The evaluate() function is implemented as a switch statement controlled by the type of the node. For any node type not explicitly listed in the switch statement, the function returns an uninitialized Value object. Otherwise, evaluation is carried out as follows:

typeCommaExpression
The left operand is evaluated and the result is discarded. The right operand is evaluated and its value is returned as the value of the expression.

typeAssignment
The lvalue expression is evaluated, then the expression on the right side of the assignment. A switch statement is then used to determine the appropriate memory reference operation to perform. The return value is the result of this operation.

typeConditionalExpression
The condition expression is evaluated. If it evaluates to true, the onTrue expression is evaluated and its value returned. Otherwise, the onFalse expression is evaluated and its value returned. Notice that the expression that is not selected is not executed.

typeLogicalOrExpression
The LogicalOrExpression case uses "short cut" evaluation. That is, the left operand is evaluated. If it evaluates to true, its value is returned and the right operand is ignored. Otherwise the right operand is evaluated and its value is returned. Thus the right operand is evaluated only if the left operand is false.

typeLogicalAndExpression
The LogicalAndExpression case uses "short cut" evaluation. That is, the left operand is evaluated. If it evaluates to false, its value is returned and the right operand is ignored. Otherwise the right operand is evaluated and its value is returned. Thus the right operand is evaluated only if the left operand is true.

typeBinary
The Binary node includes all the binary operators used in C plus the exponentiation operator **. The left and right operands are evaluated, and then a switch statement is used to select the correct binary operation to perform.

typeUnary
The Unary node includes all of the data fetch operators plus all the unary operators used in C. The operand is evaluated, and then a switch statement is used to select the correct unary operation to perform.

typeConstant
Returns the value of the constant.

typeVariable
This node is used not only for a simple reference to a variable, but also for the autoincrement and autodecrement operations. Note that this node returns the value of the variable, not a reference, so that it can not be used as the destination of an assignment statement.

typeFunctionCall
The argument expressions are evaluated one by one and the results stacked. Then callFunction() is invoked which, in turn, identifies the actual function to be called and calls it. If no function with the given name and the given number of arguments is found in the function table, callFunction throws an InterpreterError exception.

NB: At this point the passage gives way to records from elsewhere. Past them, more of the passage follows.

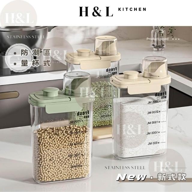 H&L 匠心優廚2025全新升級PET旋扣斜口式儲米桶 量杯密封罐 密封罐 防潮罐 五穀雜糧罐 收納罐 雜糧罐 米桶 飼料密封桶
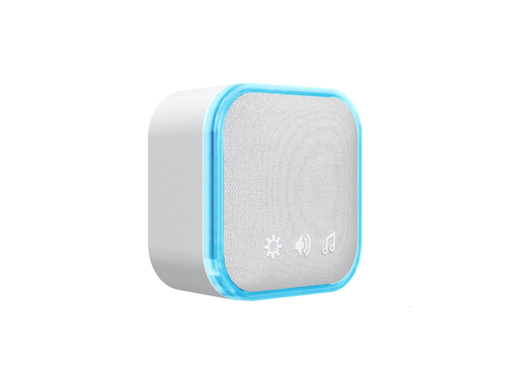 Zvonek nabízí výběr ze 36 melodií a 4 úrovní hlasitosti. Ovládací tlačítka jsou umístěna přímo na přední straně pod látkovým dekorem – to výrazně usnadňuje přístup a zjednodušuje nastavení funkcí bez nutnosti otáčet nebo odpojovat zařízení. Při zazvonění se rozsvítí velký světle modrý LED rámeček, který zajišťuje dobře viditelnou světelnou signalizaci. Ideální i do hlučnějších prostor nebo pro osoby se zhoršeným sluchem.
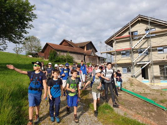 Danach trennte sich die Gruppe, da es zwei Routen gab. Eine Route für die Kleinerer und eine Längere für die Grösseren. Für die 1./2. Klasse und einen Teil der 3. Klasse verlief der Weg über Blochwil, Jungholz, Neuhof, Oberwaldmatt, Unterwaldmatt, Hügihof zur Brätlistelle.
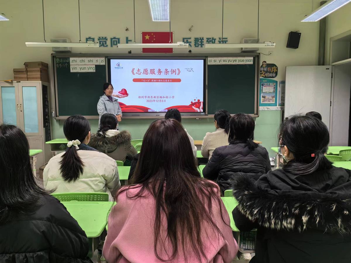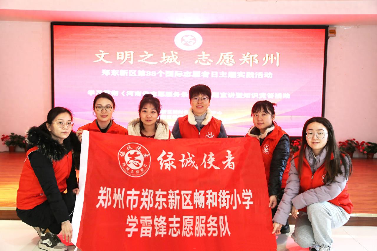 12月5日是第38个国际志愿者日,为大力弘扬“奉献、友爱、互助、进步”的志愿精神,普及“学习雷锋,奉献他人,提升自己”的志愿服务理念,凝聚志愿者力量、展现志愿者风采,郑州市郑东新区畅和街小学参与了由郑东新区新时代文明实践中心、郑东新区学雷锋志愿服务中心举办的以“文明之城 志愿郑州”为主题的实践活动。
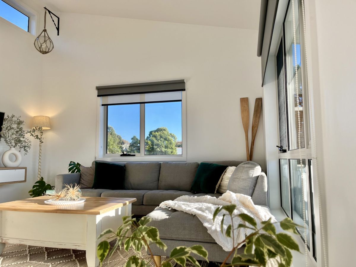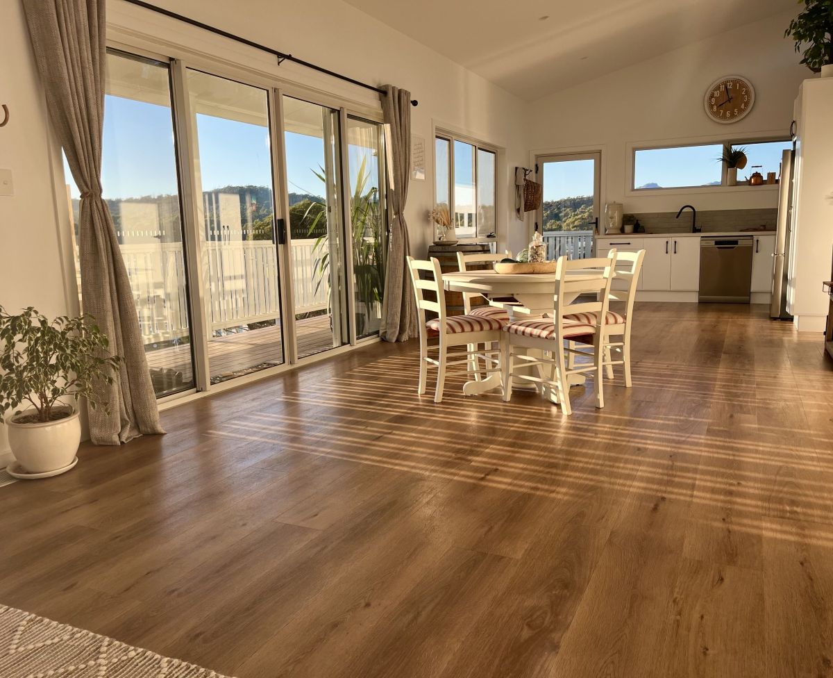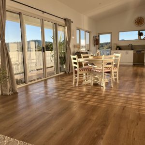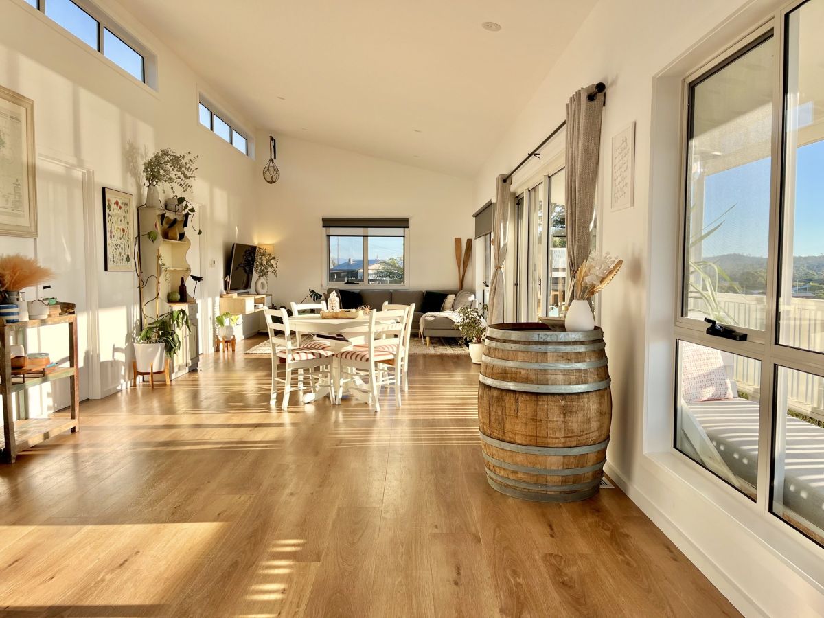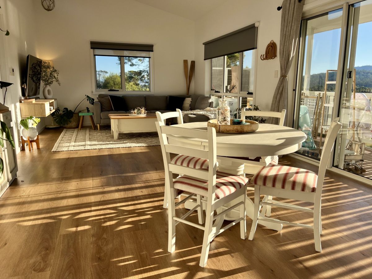 Enjoy stunning panoramic hilltop views from the Hazard mountains over the green coastal bush land and in toward the Swanwick river mouth with all-day sunshine beaming through the large windows and bouncing off the polished wooden floors and clean white space.

Outcome execute(const AstNode *node);
The execute() function is called to execute a single statement. If the statement controls other statements, as is the case with conditional and loop statements, execute() calls itself recursively to execute the controlled statements as necessary.

The execute() function, like the evaluate() function, requires access to the Dataset object that contains the values of the variables the script is working on. Note that if the execute() function were implemented as a global function, rather than as a class member, dataset would have to be passed as a function parameter.

The return value of the execute() function is a member of the Outcome enumeration. The return value determines whether execution can continue with the next statement or whether a break, continue or return statement has been encountered.

The execute() function is implemented as a switch statement controlled by the type of the node. Evaluation is carried out as follows:

default
The default case handles any node type not explicitly listed in the switch statement. The execute() function is called recursively to execute each of the subnodes of the node in order, so long as the Outcome is normal. Otherwise, the outcome of the subnode statement is returned as the outcome of the node statement.

typeStatementBlock
This node is implemented as a list of statement nodes. The statements in the list are executed sequentially so long as the Outcome is normal. If the Outcome indicates a break, continue or return statement was encountered, no further statements in the list are executed and the appropriate Outcome is returned to indicate this fact to the calling function.

typeExpressionStatement
The evaluate() function is called to evaluate the expression. The result is discarded. Note that in the C/C++ tradition, the assignment that is the point of most expression statements is a "mere side effect" of evaluating the expression. The Outcome of an expression statement is always normal.

typeIfStatement
The condition expression is evaluated. If the condition is true, the statement is executed. The return value is the Outcome of the statement execution, since the statement could be a break, continue or return statement or it could be a block statement containing a break or continue statement. If the condition is false, nothing further is done and the return value is normal.

typeIfElseStatement
The condition is evaluated and tested. Depending on whether it is true or false the corresponding statement is executed and the resulting Outcome becomes the return value.

typeWhileStatement
The loop statement is executed repeatedly as long as the condition is true and no break or return statement is encountered.

If the loop terminates with a return statement, the Outcome is set to returnEncountered. Otherwise, the Outcome is specified as normal since break statements inside the loop do not affect any outer loop.

typeDoStatement
The loop statement is executed repeatedly until a break or return statement is encountered or the condition becomes false.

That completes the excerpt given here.